*** Block opens ***

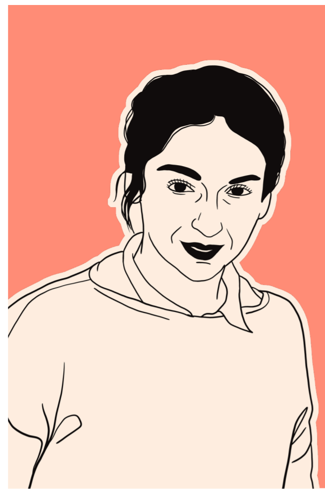
(1937, Mendrisio – 2012, Zurich) Flora Ruchat-Roncati architecte

Architecte tessinoise de renom, elle s'impose dans les années 1970 comme une figure majeure de l'architecture suisse. En 1985, elle devient la première femme professeure ordinaire à l'ETH Zurich, où elle enseigne jusqu'en 2002.
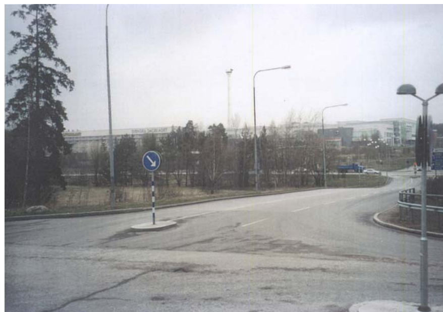
Sveaborgsgatans förlängning mot Akalla arbetsområde

Sammantaget föreslås i föreliggande framtidsbild att närmare 1 000 normalstora lägenheter byggs på ömse sidor av Finlandsgatan i Akalla och Husby (fram till Husbykorset). Därtill kommer arbetsplatsytor om närmare 57 000 BTA söder om Hanstavägen i de båda stadsdelarna.
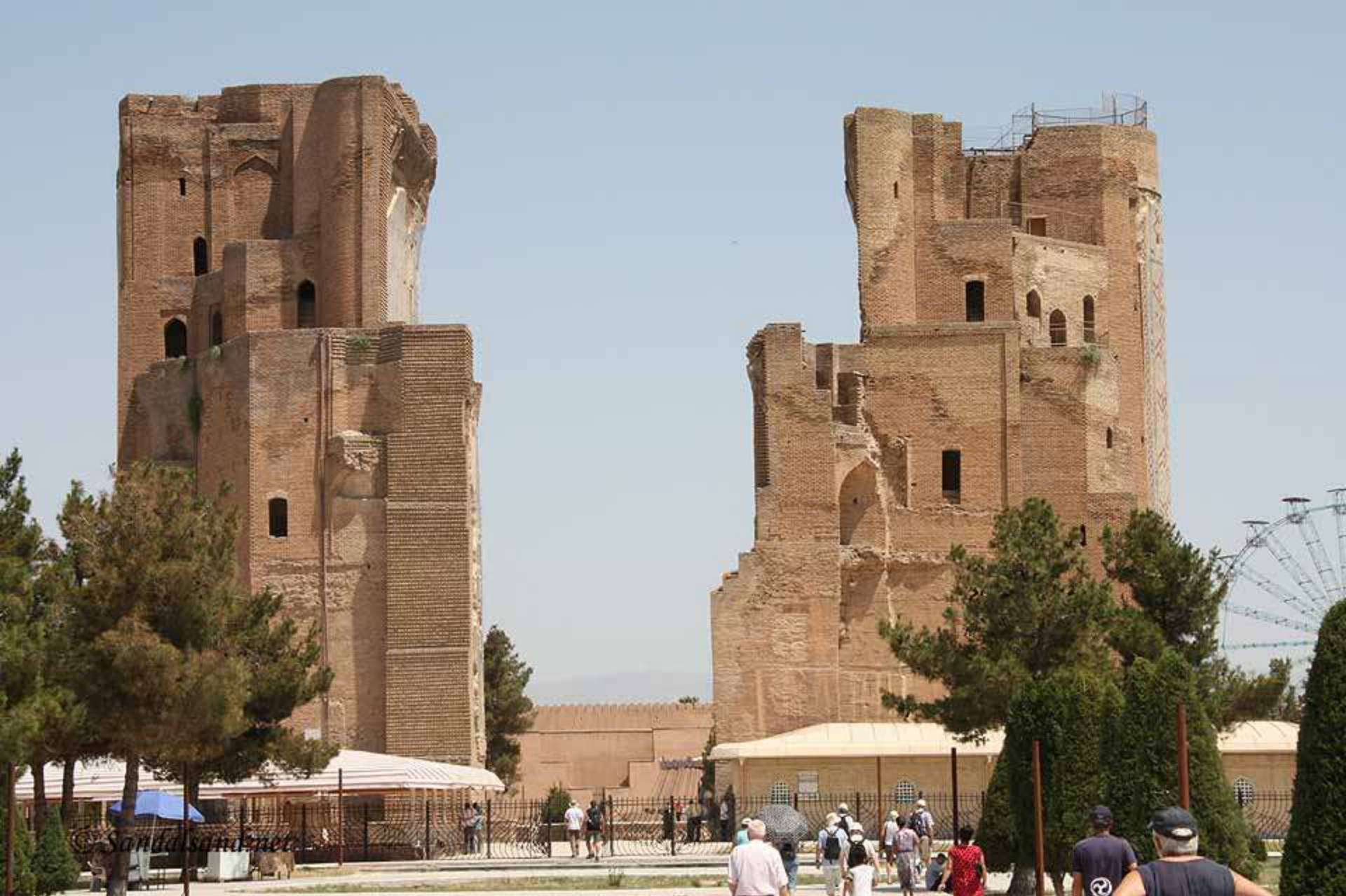
Aq-Saray Palace o palazzo di Tamerlano (Amir Timur il grande) a Shahrisabz (Uzbekistan)

*** Block closes ***

:: Directions for this task ::
Copy exactly, and only, the lines from the line containing "Sammantaget föreslås i" through the final line of the material above, with no pictures.

:: Written answer ::
Sammantaget föreslås i föreliggande framtidsbild att närmare 1 000 normalstora lägenheter byggs på ömse sidor av Finlandsgatan i Akalla och Husby (fram till Husbykorset). Därtill kommer arbetsplatsytor om närmare 57 000 BTA söder om Hanstavägen i de båda stadsdelarna.
Aq-Saray Palace o palazzo di Tamerlano (Amir Timur il grande) a Shahrisabz (Uzbekistan)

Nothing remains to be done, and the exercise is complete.